Parties such as the Law Council of Australia worry that the consequences of existing amendments to the Privacy Act, which are now set to come into effect in March next year, are yet to be fully seen, and that launching into the debate now could be premature.
But when speaking to ZDNet, Yip said that this is merely an excuse not to spend any money on security, given that businesses should already be prepared.
"No matter what the decision is on what the Privacy Commissioner decides to do, how the cloud market moves, what mobility means in two years, if the foundational security is there, then you're a lot more agile as a company or organisation to be able to react to whatever the trend happens to be at the time."

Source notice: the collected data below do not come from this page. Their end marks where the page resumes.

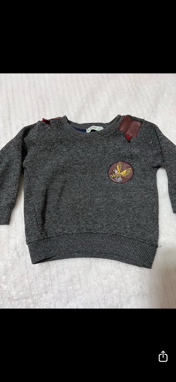 Gri renkte, uzun kollu, yuvarlak yakalı ve bol kesim erkek çocuk sweatshirtü. Yumuşak yün kumaştan üretilmiş, düğme detayları ve nakışlı desen içerir.
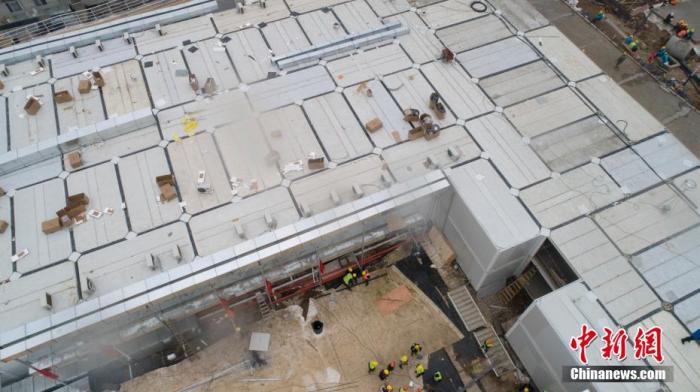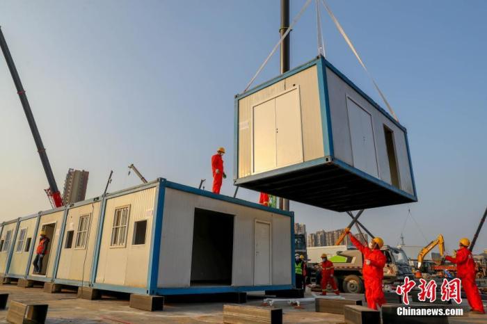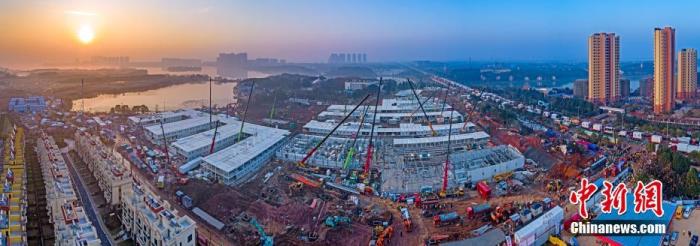 1月31日,火神山医院施工现场。 中新社发 王腾 摄(抗击新型肺炎)中国如何十天建成火神山医院?
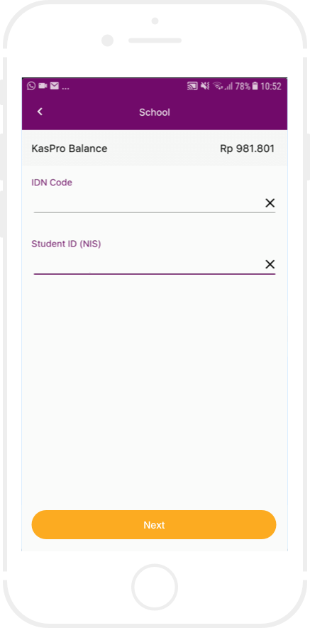 Pilih institusi pendidikan dari daftar yang disediakan, lalu masukan ID siswa. Jika anda ingin mendapat perlindungan Asuransi Jiwa Kredit, silahkan centang 'Daftarkan Asuransi Jiwa Kredit', kemudian klik Lanjut.
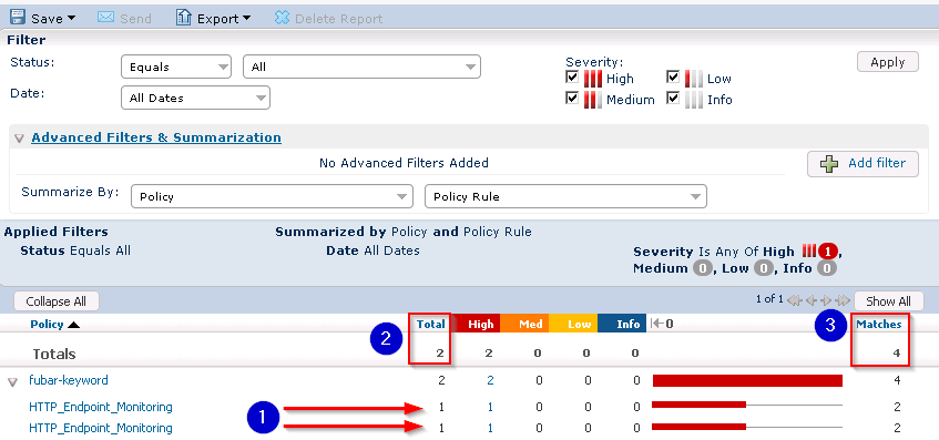 Reports summarized by policy and policy rules will show incorrect match counts within the Incident Report.
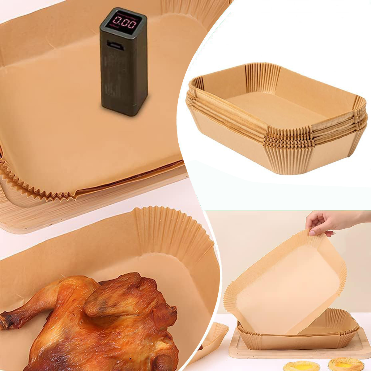 - Прямоугольная выпечка для фри из воздуха изготовлена из естественной целлюлозы и безопасное покрытие для пищи, полностью не -дискритизирующей, не -токсичной, BPA, не -токсичной, водонепроницаемой, водонепроницаемой, устойчивой и не -вещей.
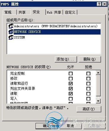 PHP使用network service这个用户组启动的,所以在PHP的安装目录我们需要给他权限,如图所示:
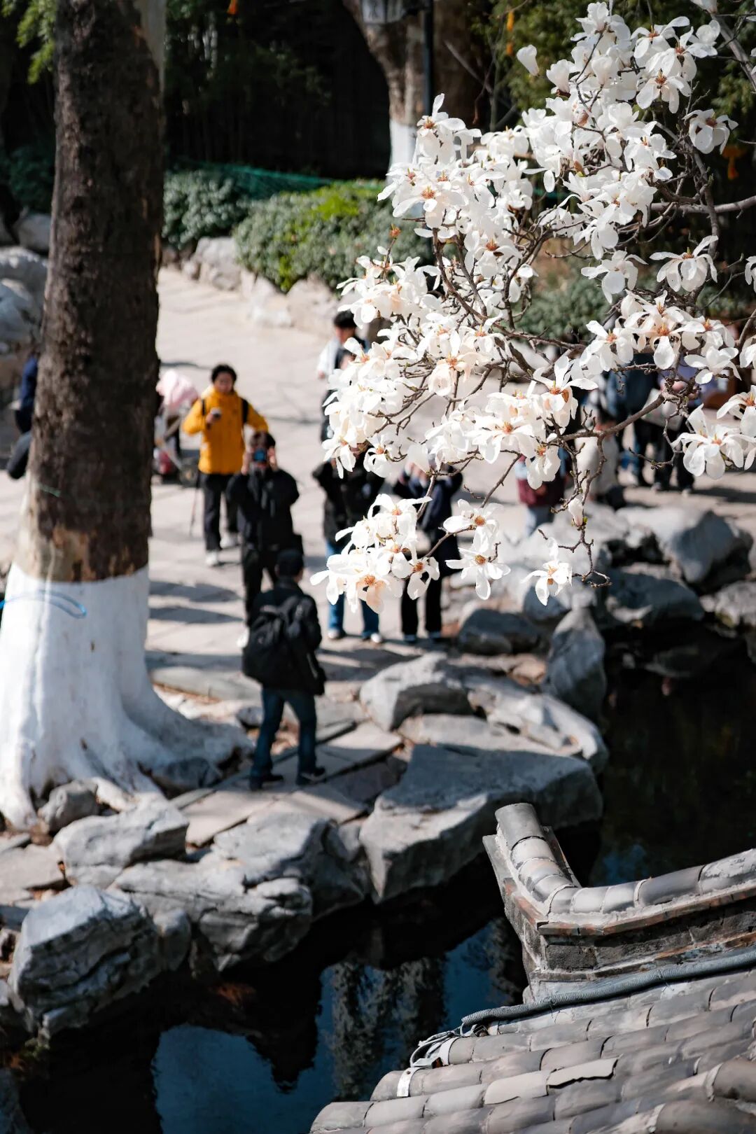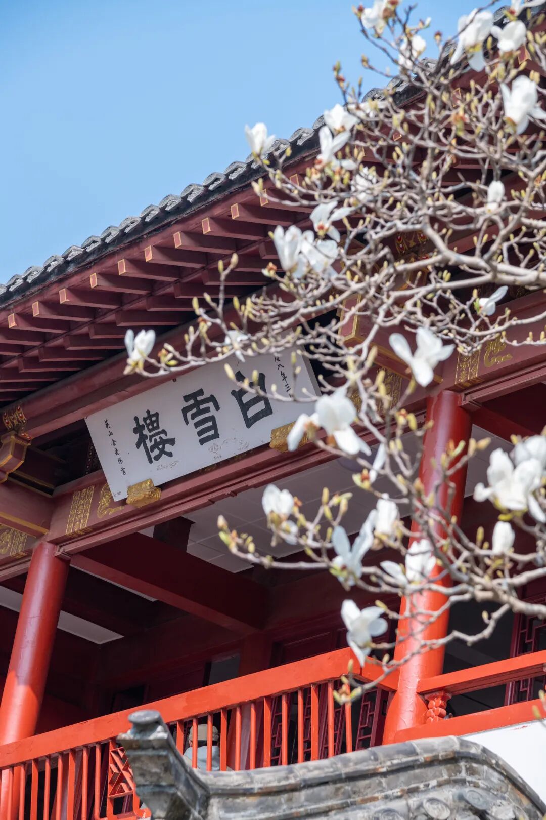 白雪楼前的玉兰花早已出圈,温润的白瓣似玉石雕琢,粉白的花瓣晕染着胭脂色,亭亭玉立在古建旁,花香伴着泉水叮咚,古韵与春意撞个满怀。
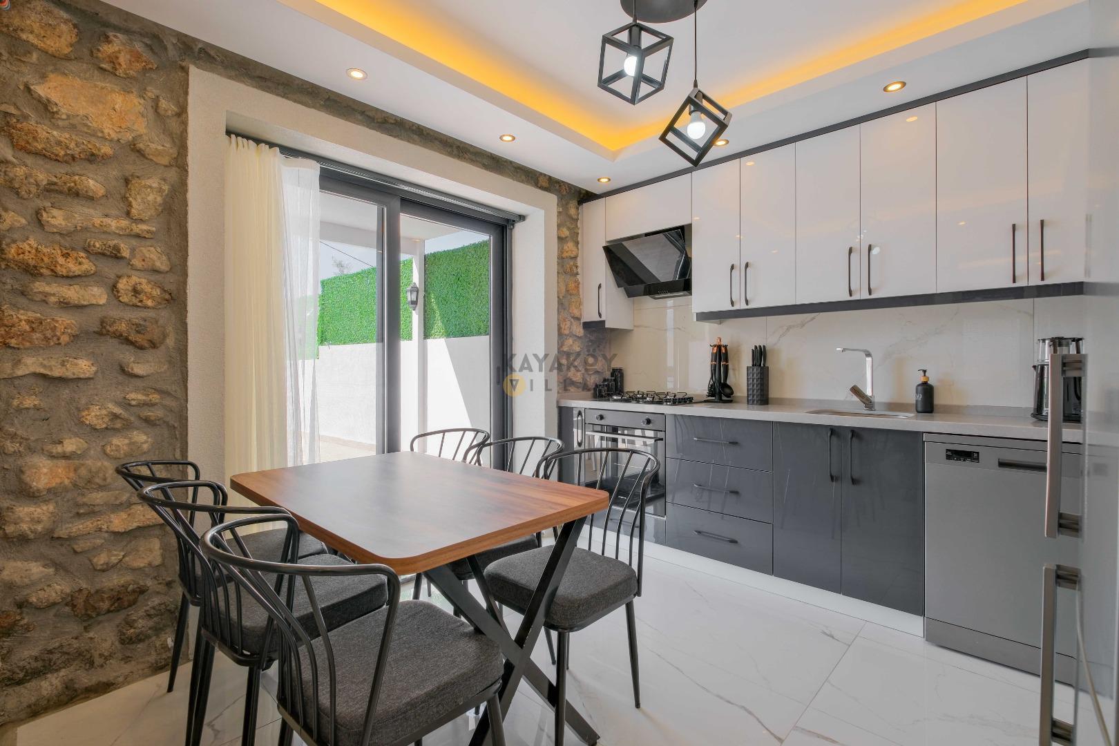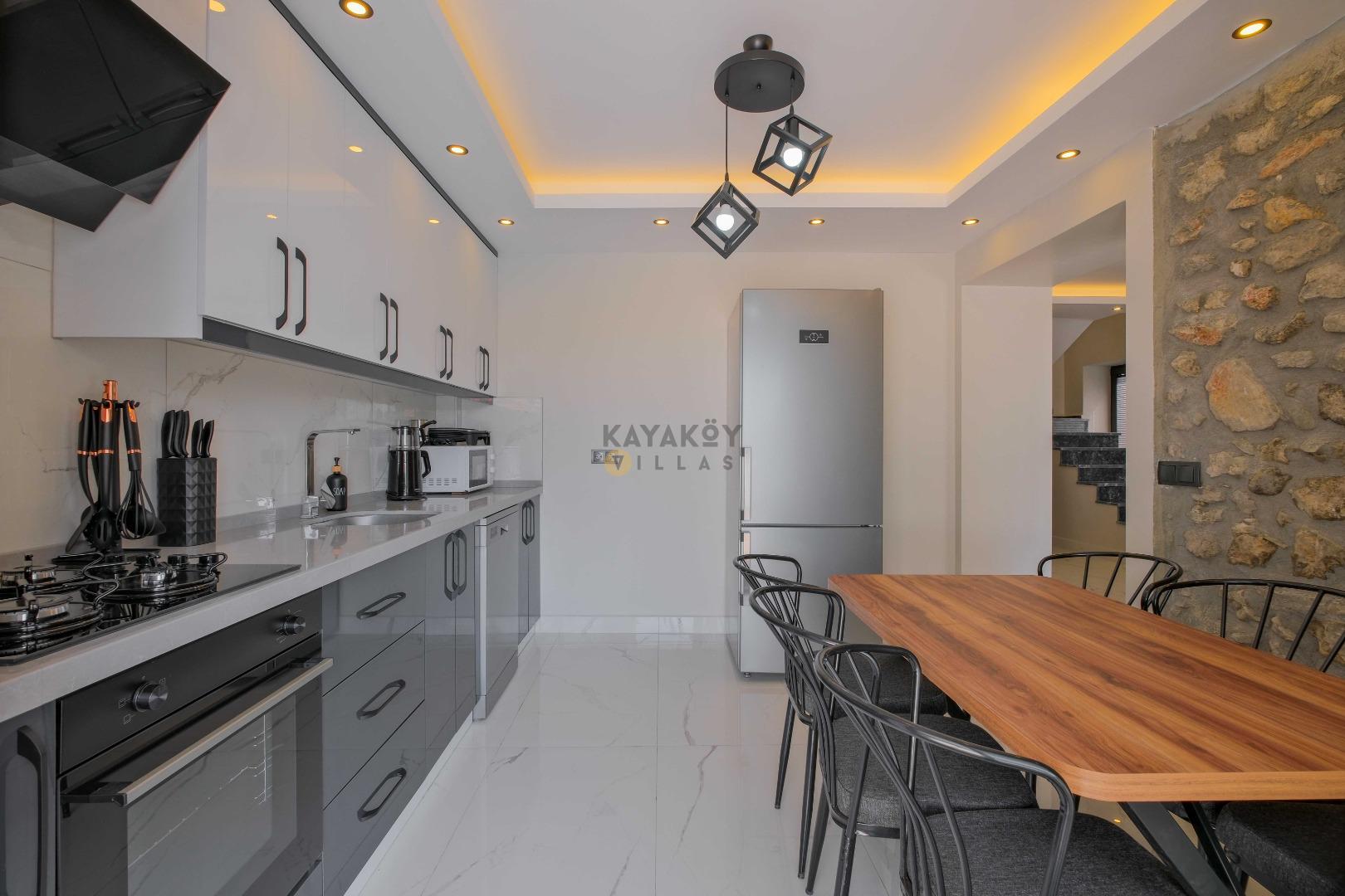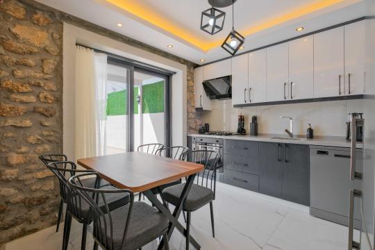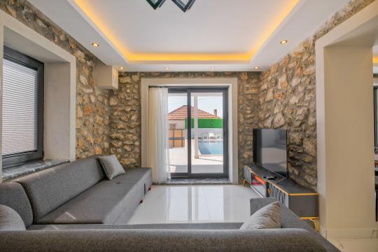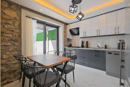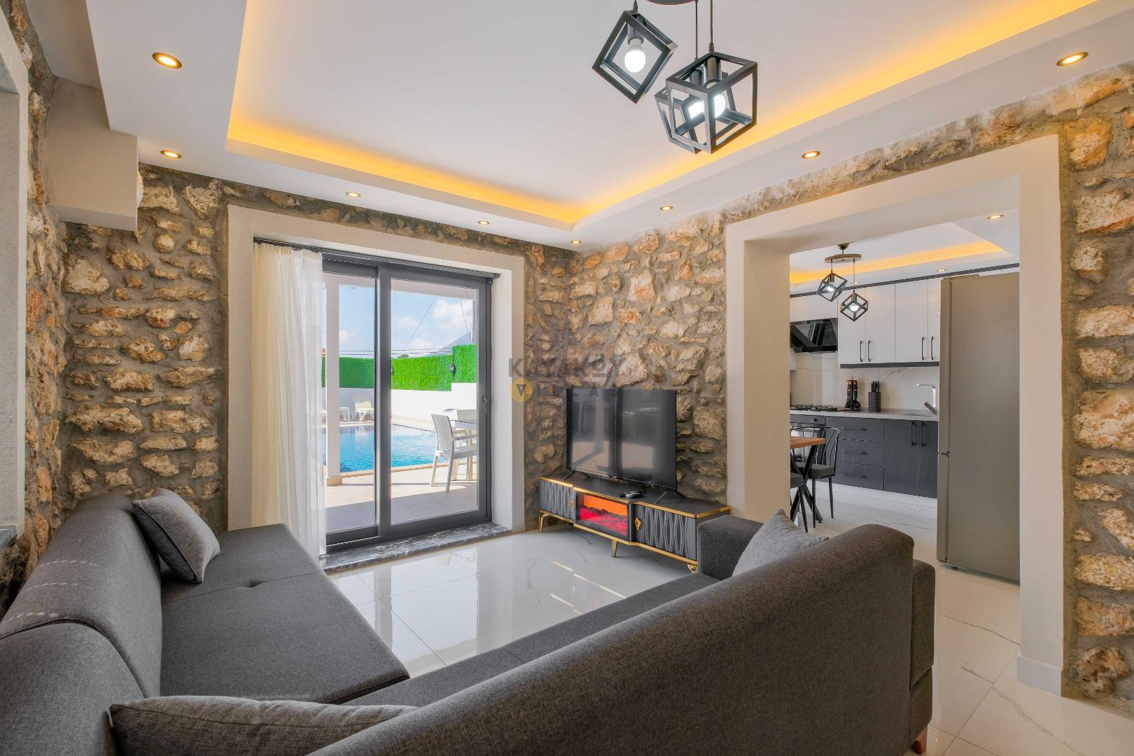 Açık plan salon ve mutfak alanı modern mobilyalarla döşenmiştir; salon bölümünde klima, televizyon, geniş oturma grubu ve yemek masası yer alırken mutfakta mikrodalga fırın, fırınlı ocak, bulaşık makinesi ve temel pişirme ekipmanları gibi tam donanımlar bulunur. Salon doğrudan havuz terasına açılır ve tatil boyunca iç/dış mekân akışını kolaylaştırır.

He said that businesses should not be given the benefit of being able to say it wasn't mandated, or that they were waiting for changes to happen.
He also said that there needs to be better language about any data breach-notification legislation. While the Privacy Act is principles based at the moment, Yip said that any new legislation specific to breach notification could benefit from a combination of principles and prescriptive language.
Yip suggested that a more prescriptive scheme would help define what actually constitutes a breach, and the necessary actions that should consequently be taken. However, he warned that principles-based values are needed to ensure that the new laws don't simply become yet another checklist.
He said the principles are necessary to ensure that organisations really know why they should care about their customers' privacy.
"If you delve down straight into 'here's a bunch of things I need to do', without knowing why you're doing it, that doesn't really work. It's finding the right balance."
He also said that who should be examined when it comes to a data breach would be different to who is traditionally covered under the Privacy Act.
For example, the Privacy Act does not apply to companies that have an annual turnover of AU$3 million or less. Yet, small startups could harvest thousands of records containing personally identifiable information as part of its operations, whether it has a successful revenue model or not.
"Just because your company isn't big enough does not exclude you from being under the same rules and regulations that everybody else would be under, just because you can't pay the fine."